In an interview in the French daily newspaper Le Figaro last week, Ms.
Streep said: "What surprises me is that the French don't know her at
all. While for Americans, she was one of the best ambassadors of France
.... since Lafayette!"

French food experts are divided about Ms. Child and her cooking. Some
say she caricatured French cuisine in her book and cooking show, making
it seem too heavy and formal. Others believe she demystified it and see
her as a role model in France, where cooking shows are rare and cuisine
is not necessarily viewed as something anyone can interpret.

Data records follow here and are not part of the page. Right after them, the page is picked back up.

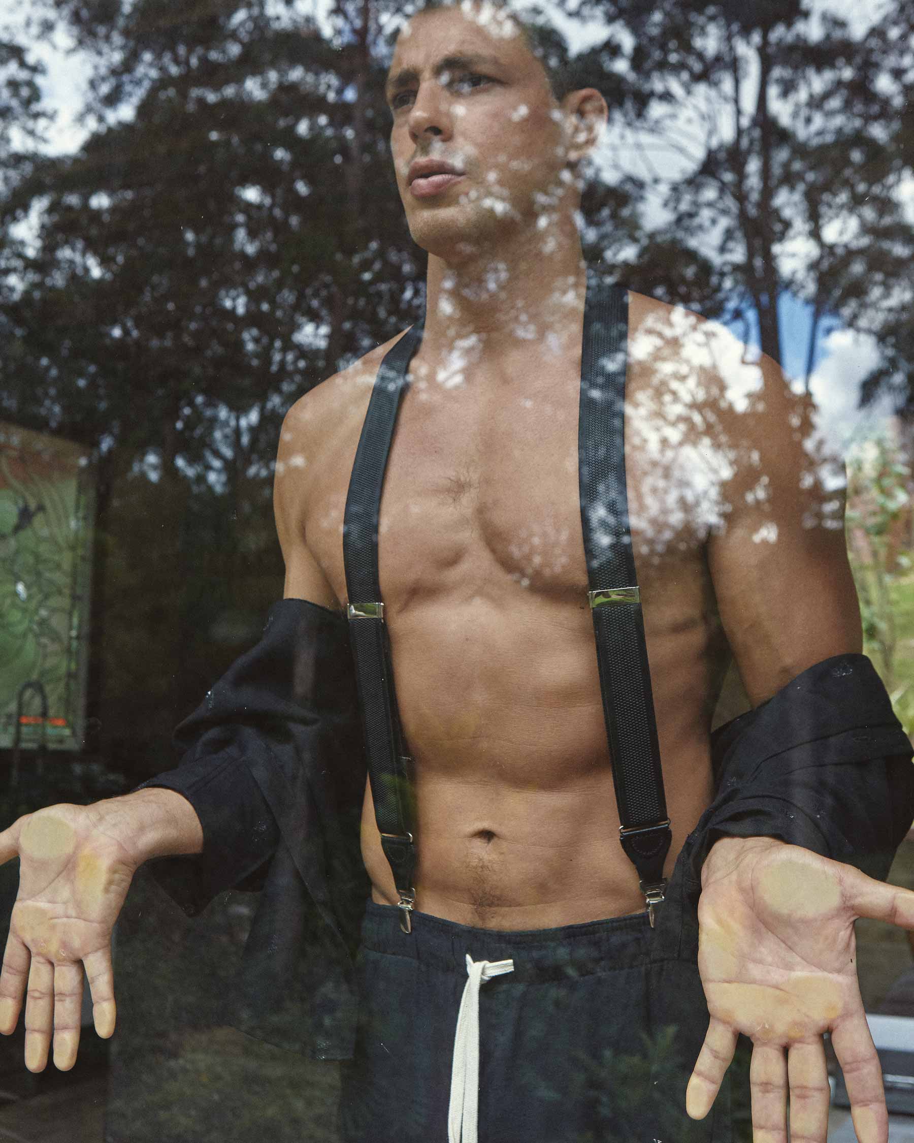 Mesmo que tenha apenas cinco minutos de descanso entre as gravações, estende uma toalhinha no chão, deita, fecha os olhos e foca na respiração, o que acalma sua ansiedade e ajuda a performar melhor em cena. Casados há dois anos, ele e Mariana seguem uma rotina de assistir filmes e séries, além de trocar figurinhas sobre saúde, cultura, meditação e sauna – e, por que não?, até beleza – juntos. Às vezes, faz máscaras faciais com a mulher e acha divertido. Recentemente, experimentou uma de argila mexicana asteca.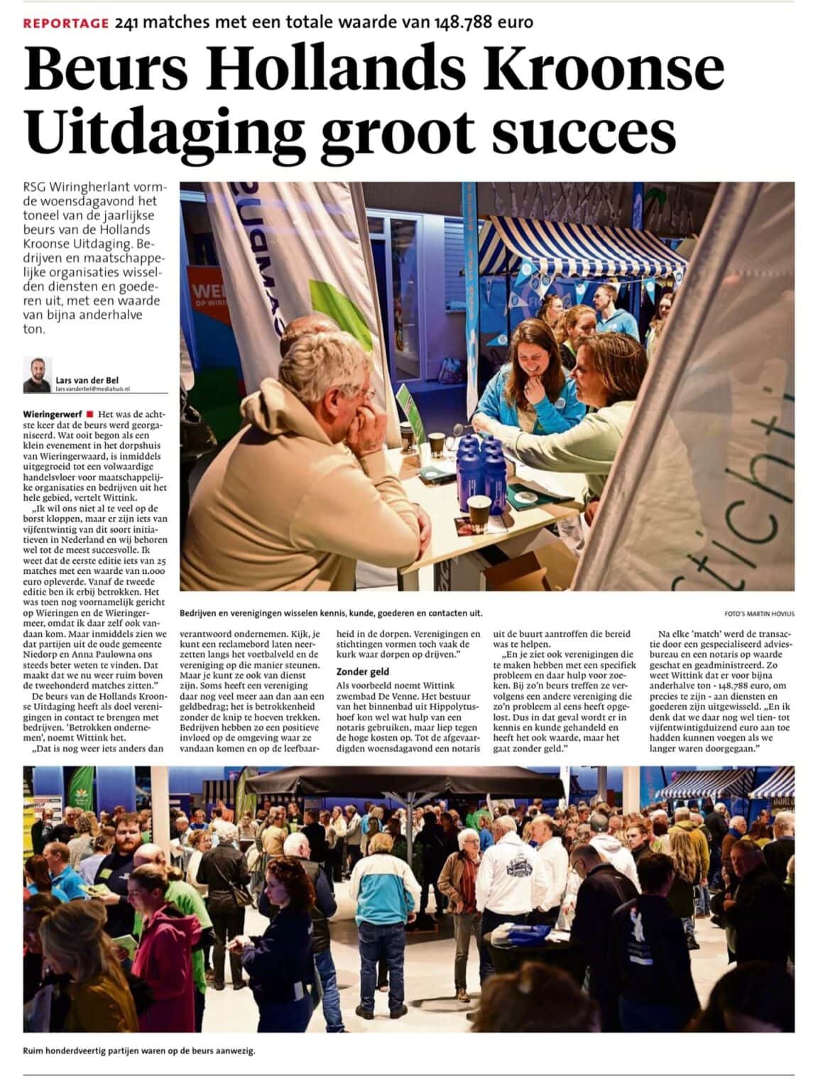 Paginagroot verslag van de Beursvloer Hollands Kroon door Lars van der Bel in de Schager Courant van het Noordhollands Dagblad.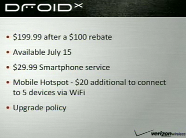 Through the Droid X live media webcast we were invited to join, we were able to cap many of the slides which we featured throughout the event. If you ever wanted the official details of this ridiculous device, we’ve got them for you.
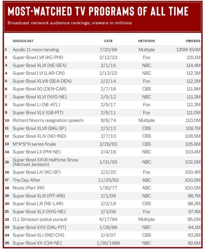 De los 25 programas de televisión más vistos en la historia de Estados Unidos, hay 18 Super Bowls en la lista. Eso incluye el partido del año pasado entre los Chiefs y los Eagles, que, además de ostentar la corona de audiencia de la competición, es también el segundo programa de televisión más visto de la historia.

"Julia Child's cuisine is academic and bourgeois," said Julie Andrieu, a
television personality and cookbook author. "It shows that in America,
the cliché of beef, baguette and canard farci remains."
For Jean-Claude Ribaut, the food critic at Le Monde, Ms. Child was more
like "a mediator who promoted the French lifestyle in the United States,
but had no influence on restaurateurs."

But some chefs say they hope that the film will rehabilitate French
cooking in the United States. Gilles Epié, a chef who met Ms. Child in
Los Angeles at a birthday party for her in the early 1990s, thinks
French cooking has been tarnished as stodgy.

"Americans have really slammed French cuisine," Mr. Epié said. "They
think we only eat boeuf bourguignon and rabbit stew, which is wrong."

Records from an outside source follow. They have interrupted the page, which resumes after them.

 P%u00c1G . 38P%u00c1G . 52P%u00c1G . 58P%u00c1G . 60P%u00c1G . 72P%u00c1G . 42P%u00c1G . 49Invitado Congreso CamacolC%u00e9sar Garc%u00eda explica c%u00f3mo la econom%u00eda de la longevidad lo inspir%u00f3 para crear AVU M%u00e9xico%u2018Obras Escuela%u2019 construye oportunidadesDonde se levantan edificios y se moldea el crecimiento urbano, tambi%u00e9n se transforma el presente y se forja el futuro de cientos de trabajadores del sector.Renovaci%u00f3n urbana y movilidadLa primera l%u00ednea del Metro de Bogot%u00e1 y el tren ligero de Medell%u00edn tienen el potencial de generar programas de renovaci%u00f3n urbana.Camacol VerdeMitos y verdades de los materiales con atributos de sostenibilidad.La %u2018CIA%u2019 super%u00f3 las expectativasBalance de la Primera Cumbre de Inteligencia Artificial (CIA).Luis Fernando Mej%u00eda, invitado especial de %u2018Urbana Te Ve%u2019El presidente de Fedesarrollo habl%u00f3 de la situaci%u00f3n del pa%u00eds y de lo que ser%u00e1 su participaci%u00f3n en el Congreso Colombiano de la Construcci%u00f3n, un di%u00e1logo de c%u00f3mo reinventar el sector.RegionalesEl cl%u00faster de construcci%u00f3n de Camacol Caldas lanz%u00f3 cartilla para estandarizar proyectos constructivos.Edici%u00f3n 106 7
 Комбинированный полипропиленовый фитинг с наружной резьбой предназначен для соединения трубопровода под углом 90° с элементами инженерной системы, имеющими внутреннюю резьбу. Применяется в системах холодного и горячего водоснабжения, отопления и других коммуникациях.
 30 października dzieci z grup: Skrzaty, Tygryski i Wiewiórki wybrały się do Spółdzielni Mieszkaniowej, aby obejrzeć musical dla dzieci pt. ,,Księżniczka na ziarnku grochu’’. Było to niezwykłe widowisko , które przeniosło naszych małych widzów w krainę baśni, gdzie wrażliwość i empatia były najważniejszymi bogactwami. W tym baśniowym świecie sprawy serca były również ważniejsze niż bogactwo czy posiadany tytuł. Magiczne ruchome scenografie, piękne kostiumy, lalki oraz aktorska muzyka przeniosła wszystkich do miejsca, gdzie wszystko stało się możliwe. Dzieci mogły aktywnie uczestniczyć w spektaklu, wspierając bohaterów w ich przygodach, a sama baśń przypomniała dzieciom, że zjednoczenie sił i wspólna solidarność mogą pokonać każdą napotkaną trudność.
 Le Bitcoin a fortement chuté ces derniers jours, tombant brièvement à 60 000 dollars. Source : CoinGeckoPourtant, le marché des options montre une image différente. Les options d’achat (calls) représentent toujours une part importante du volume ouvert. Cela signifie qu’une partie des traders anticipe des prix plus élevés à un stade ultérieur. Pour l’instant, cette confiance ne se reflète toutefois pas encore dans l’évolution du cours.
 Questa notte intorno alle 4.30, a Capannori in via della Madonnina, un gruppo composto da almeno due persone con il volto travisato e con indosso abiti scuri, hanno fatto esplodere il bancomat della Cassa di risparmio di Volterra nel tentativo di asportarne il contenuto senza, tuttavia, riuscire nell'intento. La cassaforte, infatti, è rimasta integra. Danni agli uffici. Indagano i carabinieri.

Before taking over the Citrus Étoile, in the Eighth Arrondissement, Mr.
Epié ran the Los Angeles restaurant L'Orangerie for more than three
years. He remembered with distaste the strictness of American health
rules about food.

"My fish shop in Santa Monica smelled like a pharmacy" instead of like
fresh fish, he said. "And when I asked for a three-month-old baby lamb,
like you can find here, they thought I was crazy and nearly called the
police."

But some French chefs say they believe that Ms. Child, through the film,
could have an impact on contemporary French cooking, or at least make
boeuf bourguignon, a traditional dish currently absent from most French
menus, fashionable again.

"She explains her recipes like a housewife, but she knows how to do it
and she does it genuinely," said Guy Savoy, owner of the restaurant that
bears his name in Paris. He met Ms. Child in 1981 in Massachusetts and
remembered her as "a real character, gentle and affable."

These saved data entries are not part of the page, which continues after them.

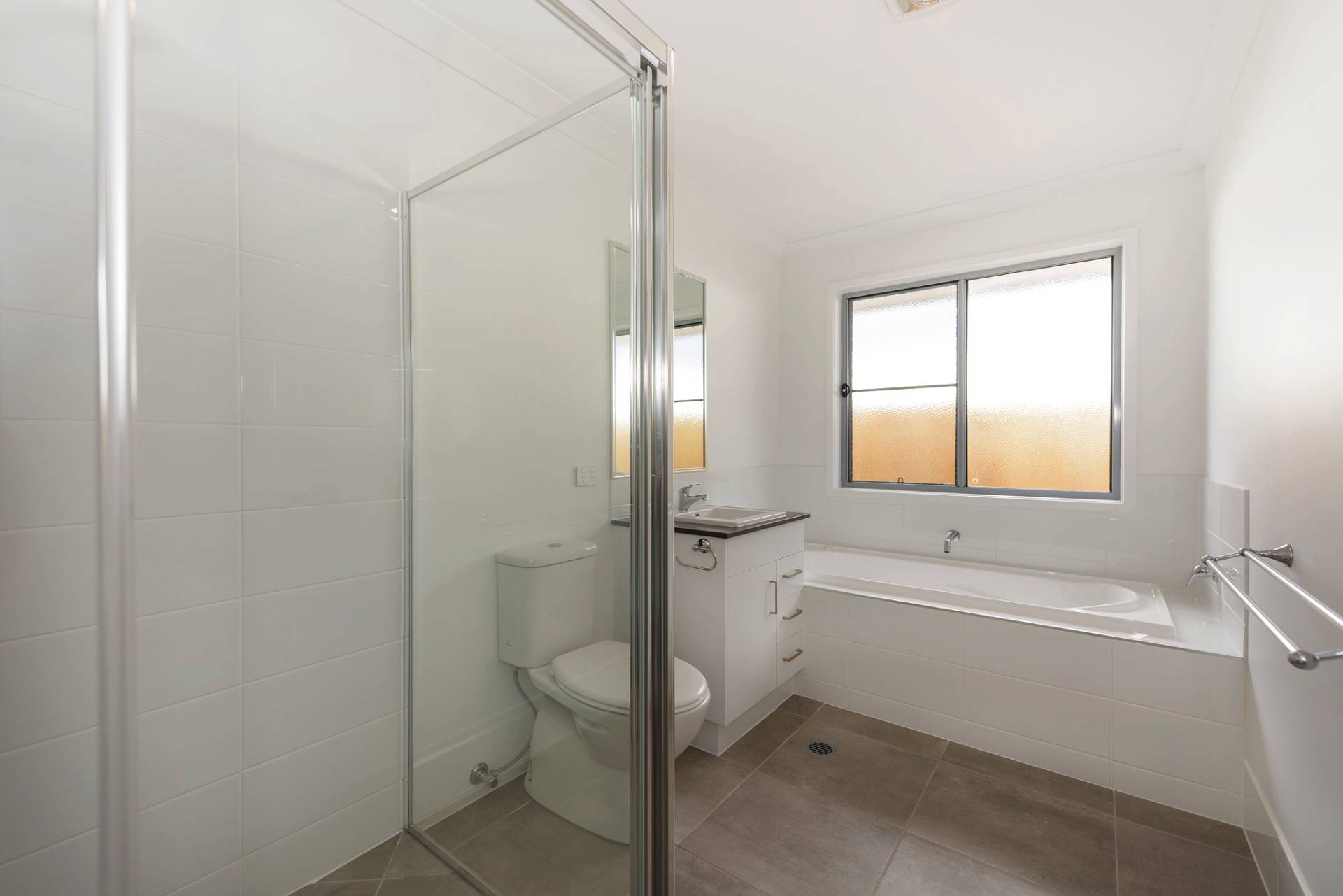• Stylish main bathroom with bath and shower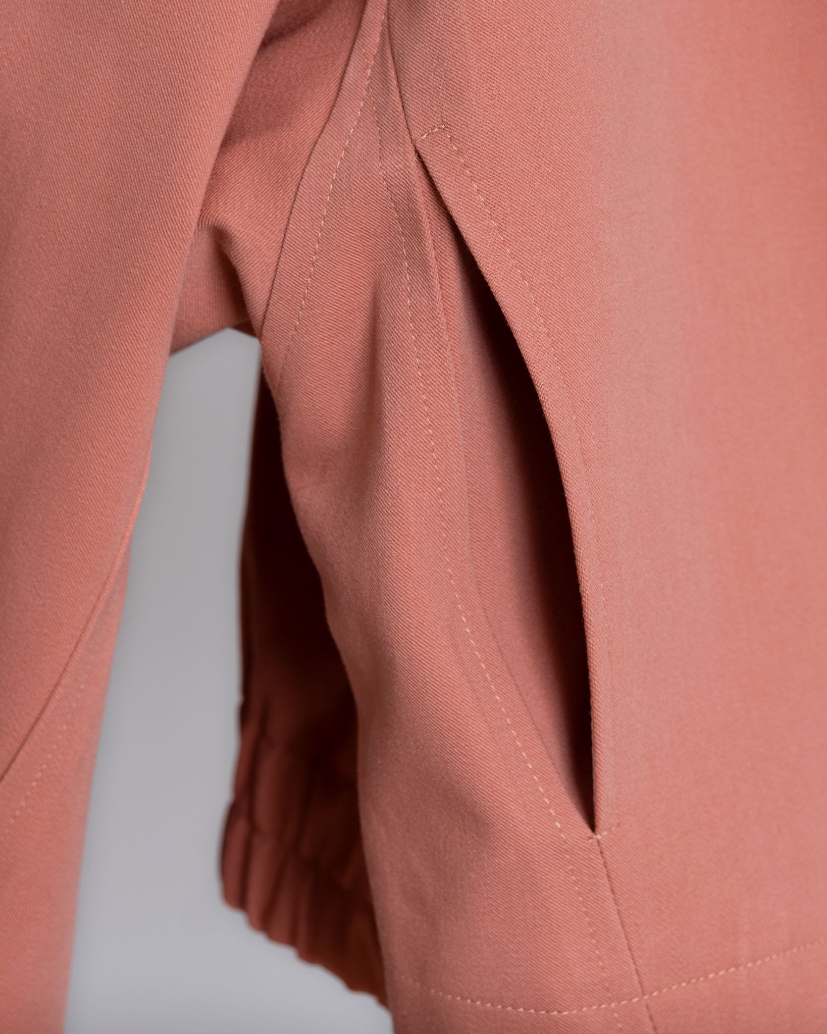 ▎特色 │ 翻領設計、短版造型、鬆緊抽皺、兩側口袋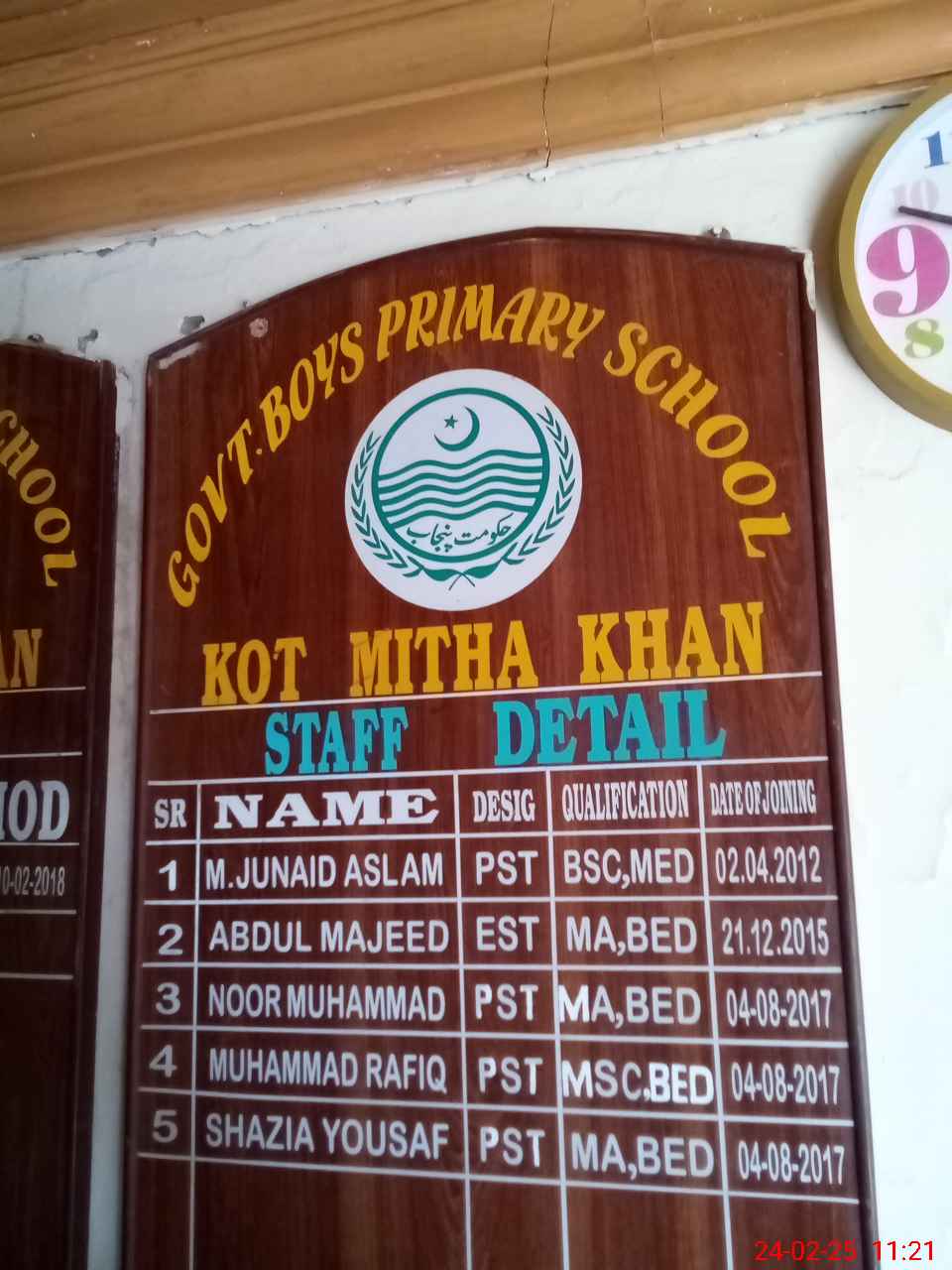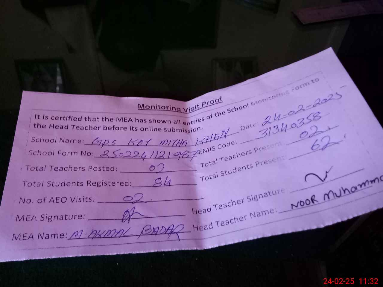 | EMIS Code: 31340358 | Name of School: GPS KOT MITHA KHAN | |||

Ms. Andrieu, the cookbook author, said that despite Ms. Child's clichéd
recipes, her style could be defined as a "combination of scientific and
empirical virtues" that helped explain why Americans wrote better
cookbooks than the French.

"The French think that they are natural-born cooks; they prepare a dish
off the top of their heads, without testing it," she said. "In France,
we rush over explanations."

After watching "Julie & Julia," Ms. Andrieu said, she felt compelled to
go home and make boeuf bourguignon according to Ms. Child's recipe. "I
cut the flour in half, and it turned out to be the best I had ever
made," she said.

Mr. Epié even thinks that Ms. Child's story should encourage the French
to discuss their cuisine in a more democratic way.

He is one of the few respected chefs in Paris to offer American food on
his menu, including his signature dish: a crab cake à la française,
prepared with shellfish oil instead of mayonnaise.

"I want to do Julia Child, but Julia Child with real fish, real lobster,
with eels to shuck and rabbit to bone," he said. "That's my dream."